[Opening Collected data section]
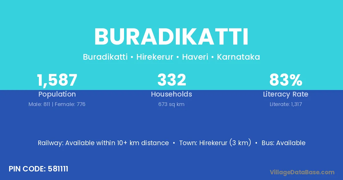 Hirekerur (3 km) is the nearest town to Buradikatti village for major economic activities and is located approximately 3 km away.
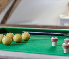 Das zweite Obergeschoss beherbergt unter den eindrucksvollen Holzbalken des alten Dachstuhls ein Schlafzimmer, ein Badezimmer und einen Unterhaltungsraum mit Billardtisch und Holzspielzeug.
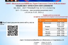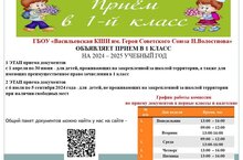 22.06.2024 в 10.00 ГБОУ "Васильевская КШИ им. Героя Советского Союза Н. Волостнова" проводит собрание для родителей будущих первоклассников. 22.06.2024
[Closing Collected data section]
*What is expected*: Without the pictures, retype exactly the lines from the one that holds "Das zweite Obergeschoss" to the last line of the data above, both of them included.

*Expected answer*:
 Das zweite Obergeschoss beherbergt unter den eindrucksvollen Holzbalken des alten Dachstuhls ein Schlafzimmer, ein Badezimmer und einen Unterhaltungsraum mit Billardtisch und Holzspielzeug.
 22.06.2024 в 10.00 ГБОУ "Васильевская КШИ им. Героя Советского Союза Н. Волостнова" проводит собрание для родителей будущих первоклассников. 22.06.2024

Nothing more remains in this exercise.